Tuesday, March 24, 2009
Being Behind is a Good Thing (Part III)?
Using King Yao’s data, here is how the home team if you look at their first half scores:
half homeScore homeWins n
1 -7 0.413 1103
1 -6 0.419 1265
1 -5 0.455 1478
1 -4 0.463 1518
1 -3 0.515 1618
1 -2 0.539 1844
1 -1 0.575 1865
1 0 0.607 1918 <--
1 1 0.600 1996 <--
1 2 0.629 1923
1 3 0.646 1908
1 4 0.690 1756
1 5 0.704 1680
1 6 0.739 1542
1 7 0.754 1440
We see the discontinuity when the home team is up by 1 or tied at the half.
Now, let’s look at how the home team does if you ONLY look at the second half scores. That is, assume that the game starts at the 3rd quarter. Here then is how the home team does, based on their score in the second half of the game, and how often they won:
half homeScore homeWins n
2 -7 0.451 1164
2 -6 0.445 1329 <--
2 -5 0.486 1431 <--
2 -4 0.486 1513
2 -3 0.522 1680
2 -2 0.552 1795
2 -1 0.558 1884
2 0 0.597 1946
2 1 0.614 1963
2 2 0.654 2001
2 3 0.657 1886
2 4 0.687 1665
2 5 0.725 1703
2 6 0.728 1627
2 7 0.770 1331
We have discontinuities at different points, but also alot of close calls too. For example, if they win the second half by 5 or 6 points, their chances of winning the game is virtually identical. Same for scoring 2 or 3 more points in the second half.
Remember, we didn’t look to see how well they did in the first half.

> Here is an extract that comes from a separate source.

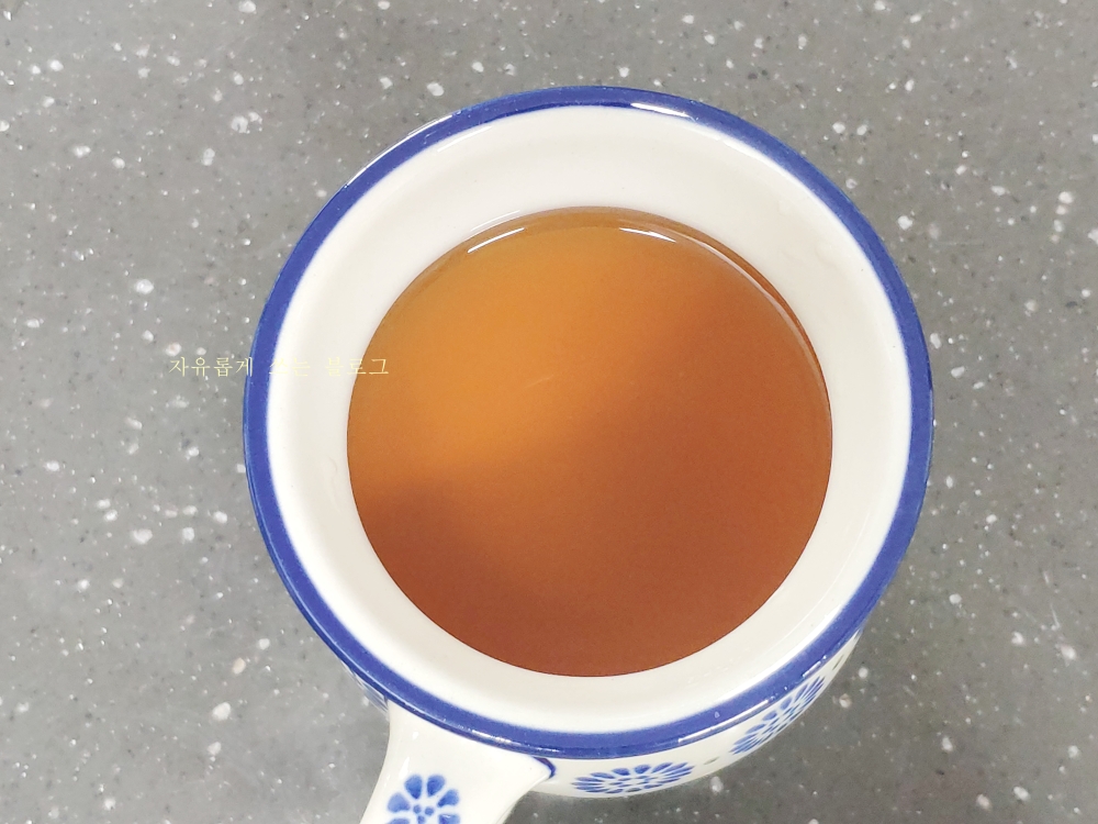 아래 첫번째 사진이 물을 부은 직전, 두번째 사진은 5분 정도 우려낸 뒤의 모습입니다.

There’s no reason that scoring 5 or 6 points in the second half should be biased based on the first half score, should it?

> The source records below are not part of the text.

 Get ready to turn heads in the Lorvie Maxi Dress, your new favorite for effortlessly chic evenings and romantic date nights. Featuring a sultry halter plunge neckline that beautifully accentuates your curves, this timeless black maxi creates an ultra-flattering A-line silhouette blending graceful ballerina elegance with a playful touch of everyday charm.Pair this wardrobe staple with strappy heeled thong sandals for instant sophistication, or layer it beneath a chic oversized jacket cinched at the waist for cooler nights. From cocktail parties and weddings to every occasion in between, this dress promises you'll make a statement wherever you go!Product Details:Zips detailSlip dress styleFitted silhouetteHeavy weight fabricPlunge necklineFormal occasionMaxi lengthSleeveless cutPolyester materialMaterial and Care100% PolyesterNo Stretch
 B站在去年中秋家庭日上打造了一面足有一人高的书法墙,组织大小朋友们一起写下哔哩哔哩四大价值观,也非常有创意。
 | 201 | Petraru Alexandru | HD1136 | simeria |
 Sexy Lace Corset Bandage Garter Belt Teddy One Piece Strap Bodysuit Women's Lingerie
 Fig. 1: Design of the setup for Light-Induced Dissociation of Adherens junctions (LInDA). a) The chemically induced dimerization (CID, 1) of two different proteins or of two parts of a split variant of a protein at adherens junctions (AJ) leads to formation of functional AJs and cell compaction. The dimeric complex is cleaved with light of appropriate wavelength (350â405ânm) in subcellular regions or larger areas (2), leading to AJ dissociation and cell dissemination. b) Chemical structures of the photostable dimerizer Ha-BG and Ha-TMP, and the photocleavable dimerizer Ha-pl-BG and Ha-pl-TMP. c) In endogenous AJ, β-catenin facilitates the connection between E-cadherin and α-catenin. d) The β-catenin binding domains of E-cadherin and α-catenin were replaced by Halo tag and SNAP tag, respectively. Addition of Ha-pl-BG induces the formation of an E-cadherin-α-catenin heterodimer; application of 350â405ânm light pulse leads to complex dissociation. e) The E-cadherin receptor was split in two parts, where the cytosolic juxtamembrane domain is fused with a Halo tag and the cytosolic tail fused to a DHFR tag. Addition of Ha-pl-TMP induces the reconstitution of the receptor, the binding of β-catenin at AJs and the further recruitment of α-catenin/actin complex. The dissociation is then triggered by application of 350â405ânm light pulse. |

I’ll repeat the first half chart, this time adding a straight line regression, and the difference between the empirical and the regression line:
1 -7 0.413 0.407 0.006
1 -6 0.419 0.432 -0.013
1 -5 0.455 0.457 -0.002
1 -4 0.463 0.482 -0.019
1 -3 0.515 0.508 0.007
1 -2 0.539 0.533 0.006
1 -1 0.575 0.558 0.017
1 0 0.607 0.583 0.024
1 1 0.600 0.608 -0.008
1 2 0.629 0.634 -0.005
1 3 0.646 0.659 -0.013
1 4 0.690 0.684 0.006
1 5 0.704 0.709 -0.005
1 6 0.739 0.734 0.005
1 7 0.754 0.760 -0.006
The standard deviation of the differences is .012.
Now, here it is for the second half scores:
2 -7 0.451 0.431 0.020
2 -6 0.445 0.454 -0.009
2 -5 0.486 0.478 0.008
2 -4 0.486 0.501 -0.015
2 -3 0.522 0.525 -0.003
2 -2 0.552 0.548 0.004
2 -1 0.558 0.572 -0.014
2 0 0.597 0.596 0.001
2 1 0.614 0.619 -0.005
2 2 0.654 0.643 0.011
2 3 0.657 0.666 -0.009
2 4 0.687 0.690 -0.003
2 5 0.725 0.713 0.012
2 6 0.728 0.737 -0.009
2 7 0.770 0.760 0.010
The standard deviation of the differences is .011.
It looks to me that the deviations are noise, and not related to anything beyond that. Certainly, there’s nothing really distinguishing between the 1st half or 2nd half.